“It was his gentle way of teasing me about taking up the whole garage with my lack of spatial relations, and having to come inside many times to get the keys to move my car over.
It was walking aimlessly through the grocery store just looking for something he could eat that wouldn’t make him sick, and not being able to go inside that same store for 3 months after he died without crying.

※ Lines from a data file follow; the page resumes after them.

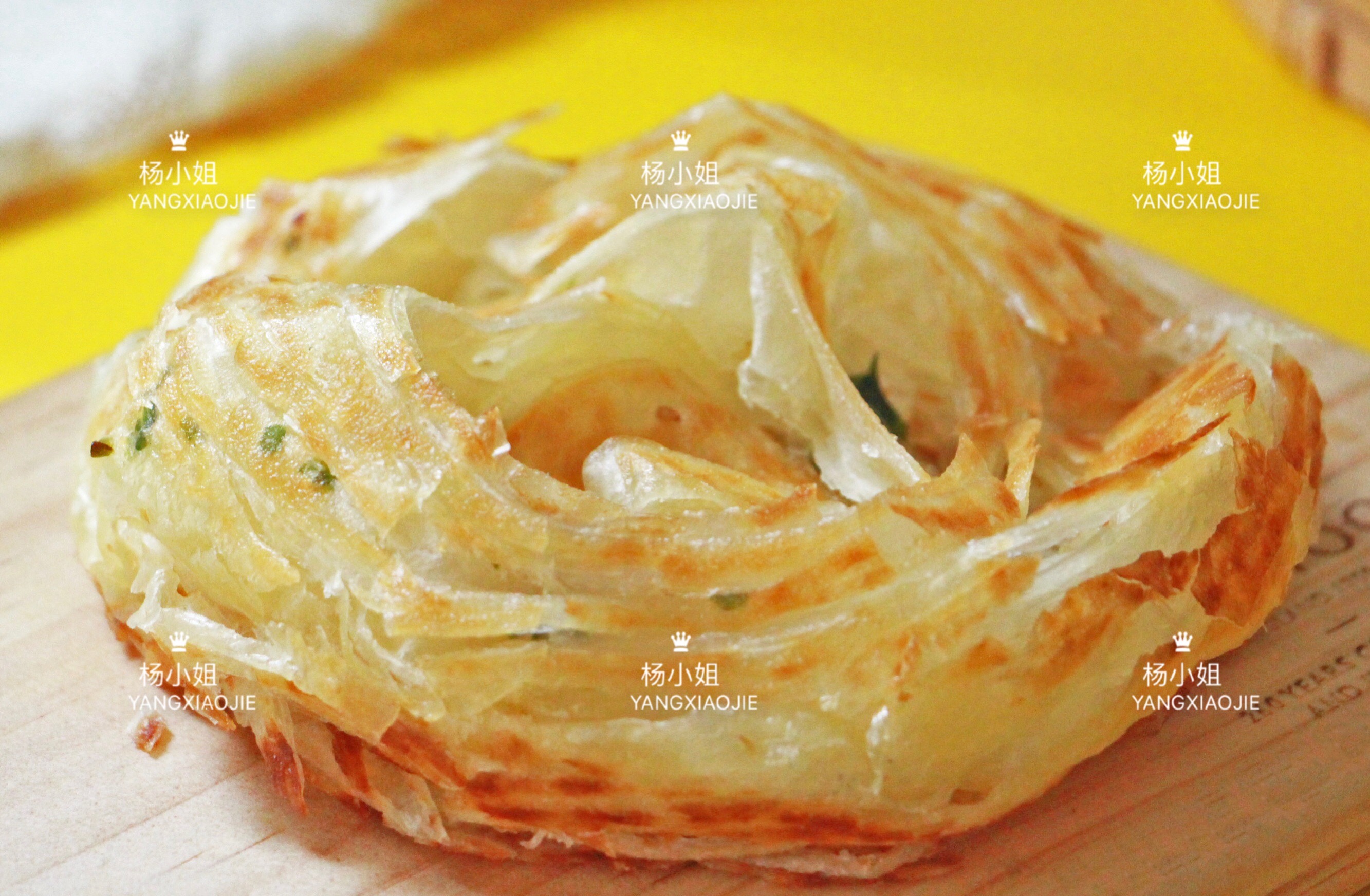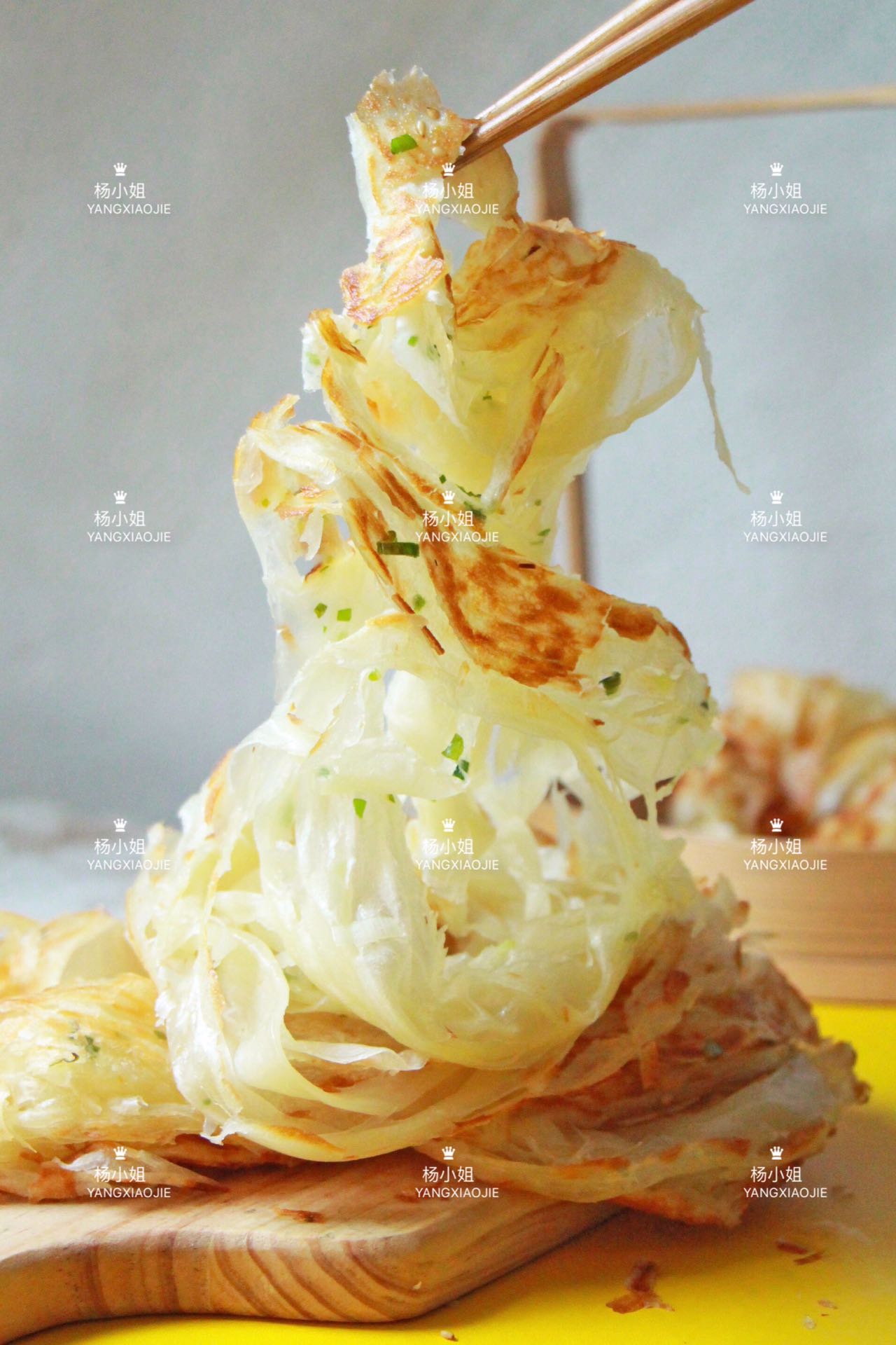 外皮金黄酥脆,内里松软筋道,层层分明,色泽泛黄透亮,用筷子挑起,呈现千层螺旋状。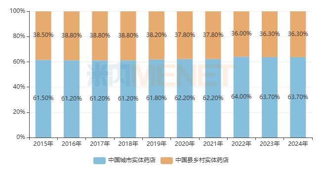 米内网推出的《中国城市实体药店化学药与中成药终端竞争格局》数据显示,2024年“中国城市实体药店”(指:中国所有地级及以上城市实体药店)药品规模占中国实体药店药品规模的63.7%;“中国县乡村实体药店”(指:非地级城市,也就是县乡村实体药店)药品规模占比达36.3%。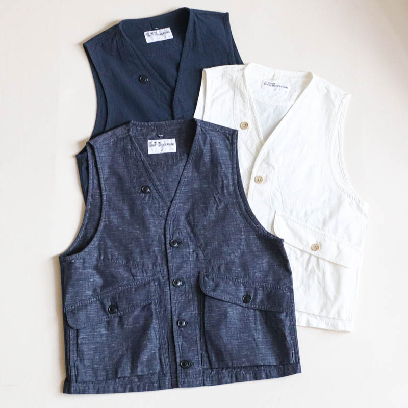 素材には、イタリアのロンバルディア地方で生産されたスラブキャンバス地が使われ、コットンとリネンをブレンドし、凹凸感が特徴的でドライな質感に仕上がっています。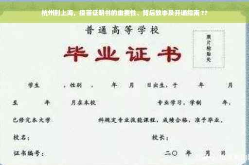 随着全球疫情的蔓延,疫苗成为了人们关注的焦点,作为中国的两个重要城市,杭州和上海的居民更是对疫苗保持着高度的关注,疫苗证明书逐渐成为了人们出行的必备文件之一,本文将围绕杭州到上海疫苗证明书的重要性,探讨其背后的故事,以及给人们带来的启示。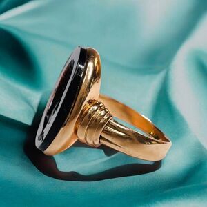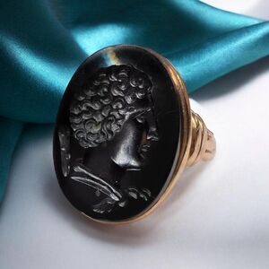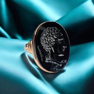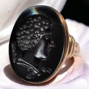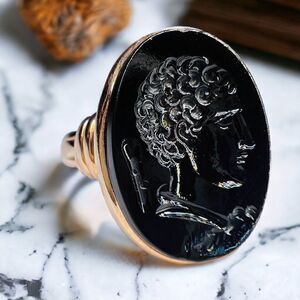 A RARE Georgian era, late 18th century Solid Gold Black Carnelian Intaglio Ring with hand engraved Hercules Image. The oval dark carnelian measures 18x14mm. Seal-engraving features a classic greek god Hercules or the alternative greek spelling of "Heracles", detailed hair and profile along with his favored weapon, the thorned club, in a yellow gold setting with a closed back and tapering gold shoulders and band. Shoulders measure 6.5mm, band measures 3.8 - 2.45mm. Gorgeous, high quality masculine warrior god carving. A microscopic chip at the top of the signet noticed upon magnification, which, fortunately does not compromise the stones stability. Ring is a size 6.5, and weighs approximately 4.7grams. Stone is a deep blood black color, viewed under close light it features beautiful reddish tones carnelian is known for inside of the carving. It is closed back, so light is limited from entering stone so expect a mesmerizing darkness. Excellent gift or addition to your collection! Gold karat is unknown, but is guaranteed solid gold, not plated or filled!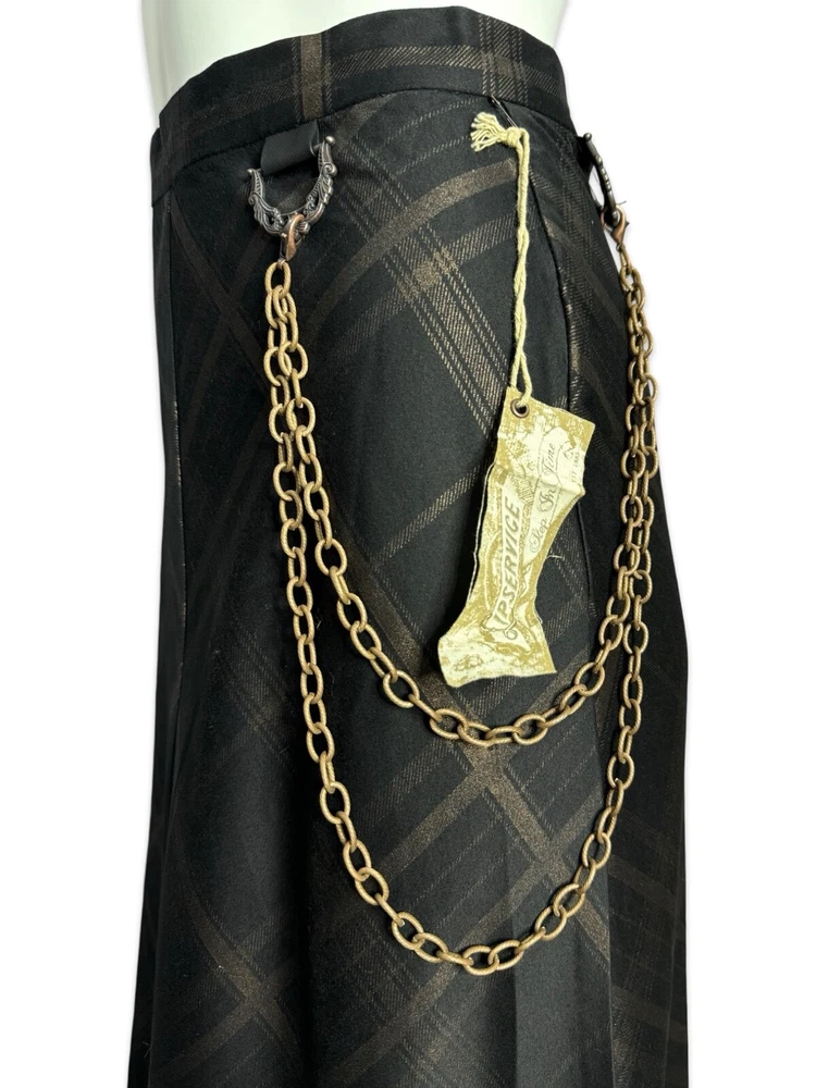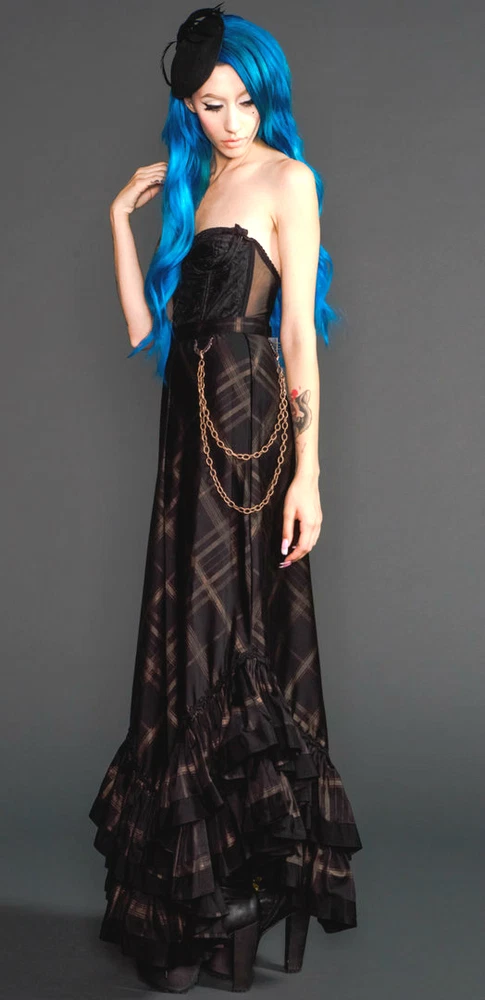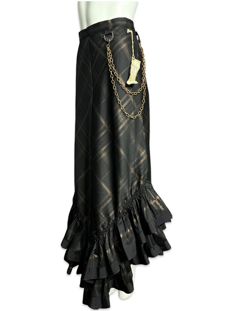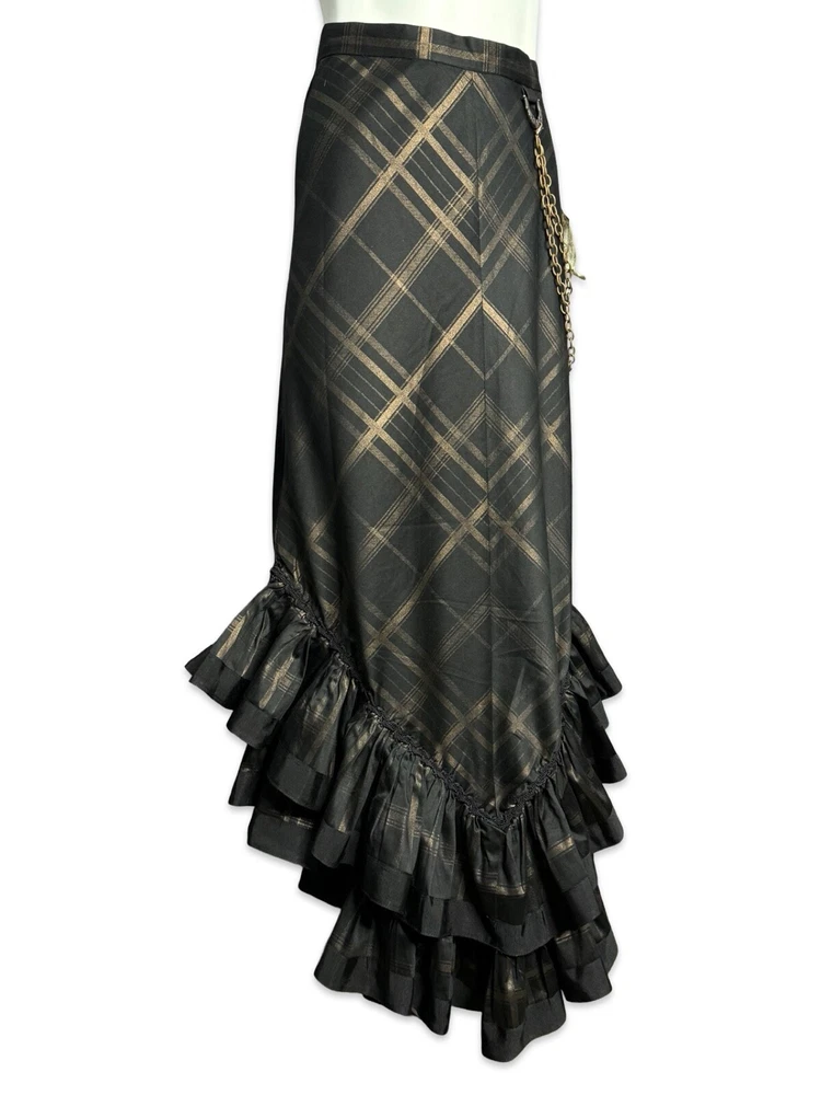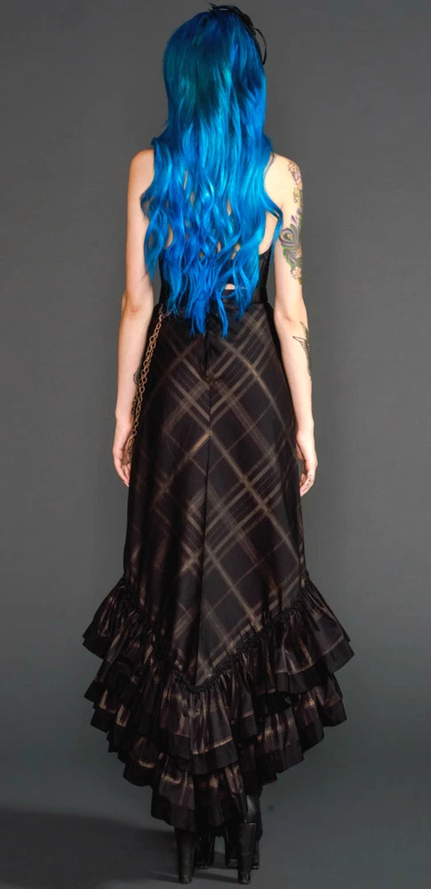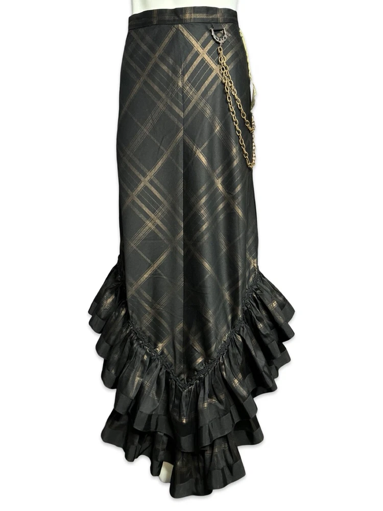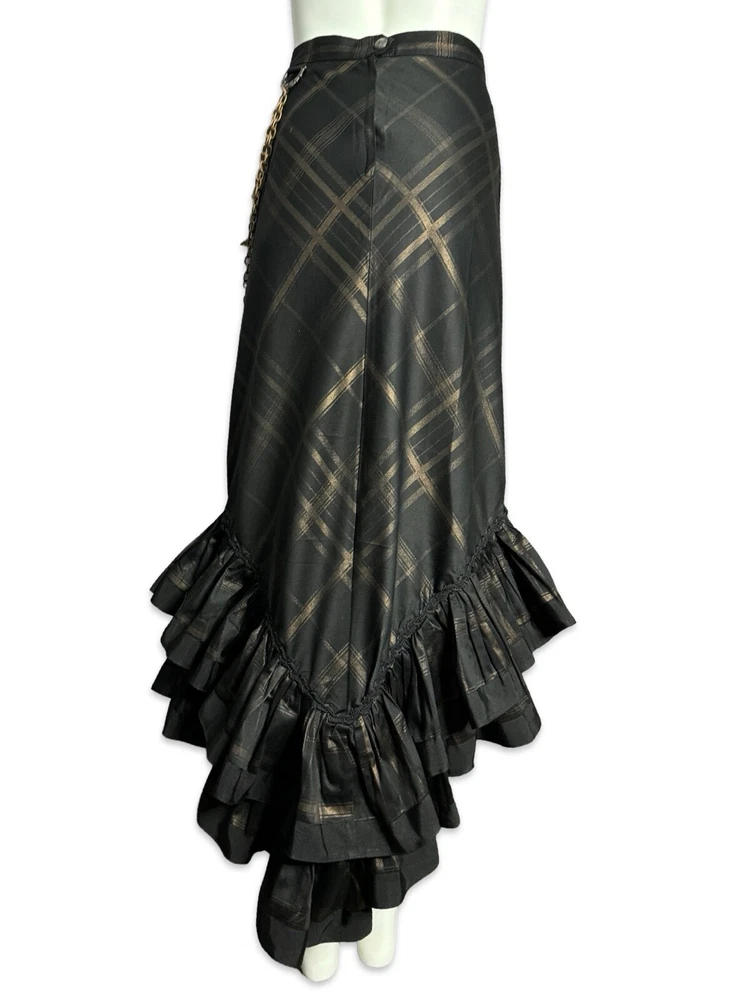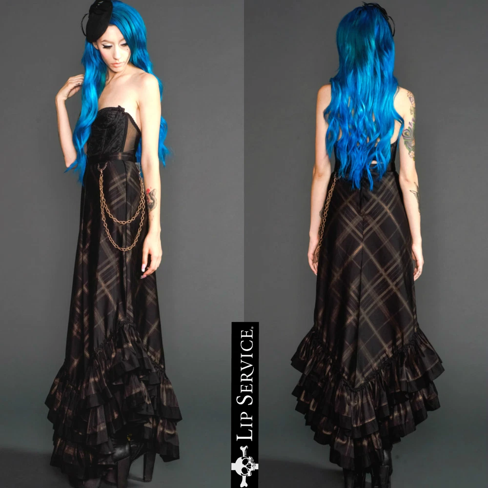 from : LIP SERVICE Rare Step in Time Long Skirt 83-257 BS-8 Steampunk - Step in Time - Westing Manor - Plaid Printed Sateen Long Skirt - Brown / Black. Beautiful plaid printed sateen long layered skirt, with copper chain detail and ruffle trim. This skirt is SOLD OUT and VERY HARD TO FIND...so if you want it...GRAB IT! Measurements when laying flat. Size XS - waist 12", hips 18" Size S - waist 13", hips 19"

It was the way he drove up to the school to get my child in a blinding snow storm so neither she or I would have to drive in it.
When we got the news that the trial wasn’t working anymore, and death was coming soon I was driving us home from Ohio. I started crying, and couldn’t stop. He held me on the side of the interstate. Then he took over driving.
It’s the nightly prayer I say asking God to take my loneliness away.
It was that first kiss. The one that caused me to put my hands on his arms to steady myself afterwards.
It was the first Christmas when we agreed to buy each other small gifts, and he bought me a laptop. Because I needed a new one, and couldn’t afford it. The same one I am typing on today even though the k sticks, and I have to push it really hard.
It was sharing a hospital bed way too many nights, even though I know it had to be uncomfortable for him, and they had to put an extension on it because he was so tall.
It was every time the hospice people asked him if he had any worries, or if they could do anything for him, and he would answer that he was only worried about me, his wife.
Laying in the hospital bed near the end when he told me he was scared, and to please not leave him alone. We held his hand, and sat bedside for those last 4 days straight.
It was stuffing down the gut wrenching fear, and trying not to cry because he said he wanted his last days to be happy and without tears.
When we had been dating barely 2 months, and he would come over and plow my driveway of snow, despite working, having his own house to take care of, and going through chemo.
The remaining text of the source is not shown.